[Tagging] RFC ele:regional
Greg Troxel
gdt at lexort.com
Fri May 8 13:25:51 UTC 2020
Colin Smale <colin.smale at xs4all.nl> writes:
> As I mentioned before, the national datums of the Netherlands and
> Belgium differ by over 2m, which for everything connected to water is
> very significant. Waterways often form the border, with bridges that
> cross the border. You cannot use a map/chart (at last for tidal waters)
> if you don't know what datum it uses.
Thanks. 2m is perhaps significant, and I'm surprised it's that much. I
would suggest that if people care about that 2m, then they need to
transform to a common height reference.
I would expect that Europe is working on a new satellite-native regional
height system, similar to the new 2020 in Australia and the 2022 one in
North America, that will basically align heights.

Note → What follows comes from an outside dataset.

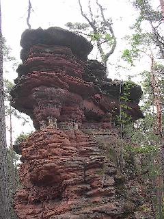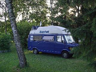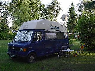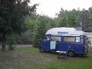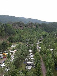 Solche bizarre Felsformationen begegnen einem nur in der Pfalz. Der Blick von ganz oben auf den Platz - wenn man genau hinsieht, kann man im Bild rechts ziemlich genau in der Bildmitte den Schlumpf erkennen... Tjaa, am Freitagmorgen gings dann wieder richtung Heimat *seufz*. Ich kam auch gut voran, nirgends war Stau. Nur der blöde böige Wind, der immer grade dann von vorne kam, wenn es bergauf ging, ärgerte mich ein wenig. Naja, es hätte alles so schön enden können, wenn... ja, wenn ich nicht so vertrauensseelig wäre. Als ich bei Euskirchen vorbei fuhr, stand meine Tankuhr noch auf Viertelvoll (oder -leer). Bei Bergheim kratzte sie so grade am Rand der Reserve. Da dacht ich mir, na prima. Bei Bedburg kann ich tanken. Naja, was soll ich sagen - während die dreiste Tankuhr immer noch etwa die Mitte der Reservemarkierung anzeigte, kam 400m vor der Autobahnausfahrt Bedburg völlig unerwartet das Ende. Ein Ruckeln, ein Seufzen und dann war der Motor aus. Game over. Im Tank: Nichts mehr. Nur ein hohles Echo. Nun ist ja kurz hinter der Ausfahrt Bedburg seit Kurzem eine relativ neue Raststätte. Ich also Warnblinker an, Warndreieck raus und dann: I'm walking... In der Ausfahrt, also nach ca. 400m hält ein Kleinlastwagen und ein korpulenter Südländer fragt, was mit dem WoMo ist. Ich erklärs ihm, er fährt mich zur Raststätte. Boah, das wären doch noch zwei Kilometerchen gewesen... Also, ich danke recht schön, er sacht, er muß sowieso jetzt zurück weil er Bedburg raus wollte, er würd mich wieder mit zurück nehmen. Ich kauf nen Kannister mit 5 Litern Diesel, er fährt mich zurück zur Ausfahrt und läßt mich da wieder raus. Es müßte mehr so freundliche Menschen geben, dann wär die Welt doch noch ein angenehmer Ort... Ich also wieder - diesmal mit Kannister - I'm walking... Immer in der Hoffnung, dass jetzt grade keine kleinen grünen Männchen mit weissen Mützen auftauchen, hab ich fix getankt. Ich lauf, das Warndreieck reinholen, klemm mich hinters Steuer und... nix. Die Karre springt nicht mehr an! Was nu? Nach ungefähr 25 vergeblichen Versuchen und einem wichtigen, forschenden Blick in den Motorraum geb ich auf und ruf - mal wieder - meine Freunde vom ADAC an. Was denn, die kennen meine Mitgliedsnummer immer noch nicht auswendig??? *staun* Nach einer langen Stunde in schwüler Hitze kommt der Mensch vom ADAC. "Joo, der hat wohl Luft gezogen..." Aber da gibts einen kleinen Trick: Am Schlumpfmotor befindet sich - gut versteckt - eine kleine Handpumpe, mit der man die Luft raus und den Diesel reinpumpen kann. Tjaaa, gewußt wie! Nach 10 Minuten lief der Schlumpf wieder! Stotterte noch ein bißchen rum, aber dann lief er wieder rund. Hurraaa. Da kann man dem ADAC-Mensch doch gar nicht böse sein, dass der in seinem Bericht nachher geschrieben hat, er hätte mir Kraftstoff nachgefüllt... Und dann gings endlich nach Hause. Und damit endet die erste ausführliche WoMo-Tour in diesem Jahr. Eine Fortsetzung gibts dann im September, wenn es wieder los geht - diesmal ins Trabbi-Land an die Mecklenburger Seenplatte...

> In OSM we often leave out "obvious" annotations, giving rise to a kind
> of "default" (such as maxspeed in km/h). But there is always a way of
> making it explicit, for those who feel the need. In this case we may
> agree to define "ele" as relative to the "local datum" or WGS84 or
> whatever, but we must always provide a system for making that explicit,
> and (preferably) a means to derive the intended basis for values that
> are not explicitly qualified.
So what do you think about what I've been saying:
ele is assumed to be in, and should be represented in, WGS84 height
above geoid (as the international norm, aligned with OSM's horizontal
datum)
ele:datum=unknown represents that the mapper doesn't know what datum
the number they put in ele is expressed in
ele:datum=EPSG:5703 (as an example for NAVD88), when the mapper really
does know the datum, and doesn't want to transform to WGS84
I assume you are referring to:
https://epsg.io/5709
https://epsg.io/5710
and it seems that the European more modern height datum has already
happened:
https://epsg.io/5730 (superceded)
https://epsg.io/5621 (European Vertical Reference Frame 2007)
This looks useful:
http://euref.eu/documentation/Tutorial2015/t-04-01-Liebsch.pdf
And this all makes me think that an elevation without a datum cannot be
reliably used at the better than 2m level.